→ WHAT THE EXERCISE ASKS
Only the lines from the one bearing "Tela Counter Stool" through the end of the entries should be output, exactly as they stand, and pictures should be skipped.

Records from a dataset
**********

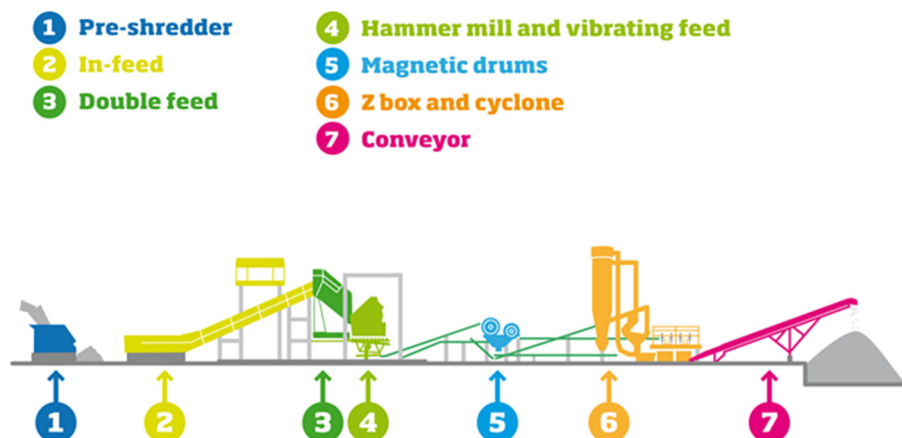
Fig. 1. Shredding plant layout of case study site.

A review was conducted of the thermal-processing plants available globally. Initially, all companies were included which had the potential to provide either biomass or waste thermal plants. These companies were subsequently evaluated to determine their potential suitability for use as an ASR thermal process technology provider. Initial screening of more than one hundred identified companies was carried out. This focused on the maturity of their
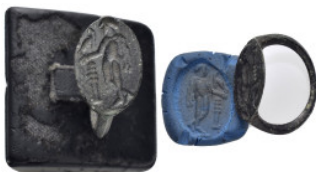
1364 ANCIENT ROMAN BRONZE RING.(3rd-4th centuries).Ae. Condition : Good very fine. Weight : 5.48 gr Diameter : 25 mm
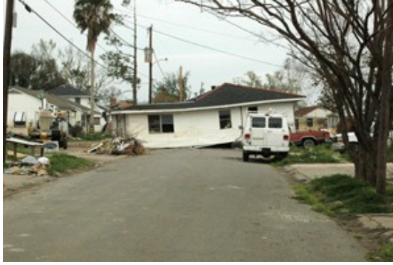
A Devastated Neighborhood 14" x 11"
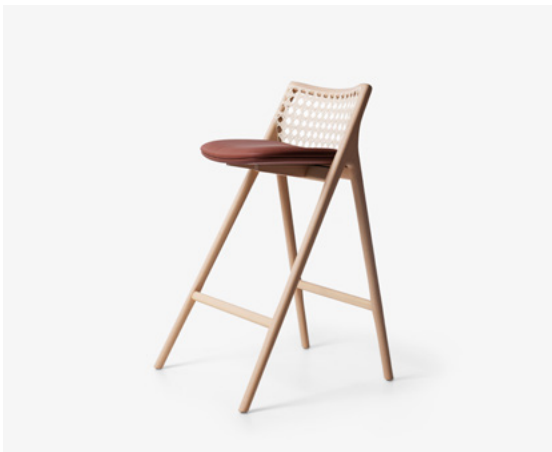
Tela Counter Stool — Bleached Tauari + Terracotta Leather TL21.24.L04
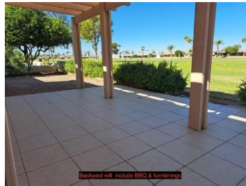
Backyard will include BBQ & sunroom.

**********

→ THE ANSWER
Tela Counter Stool — Bleached Tauari + Terracotta Leather TL21.24.L04
Backyard will include BBQ & sunroom.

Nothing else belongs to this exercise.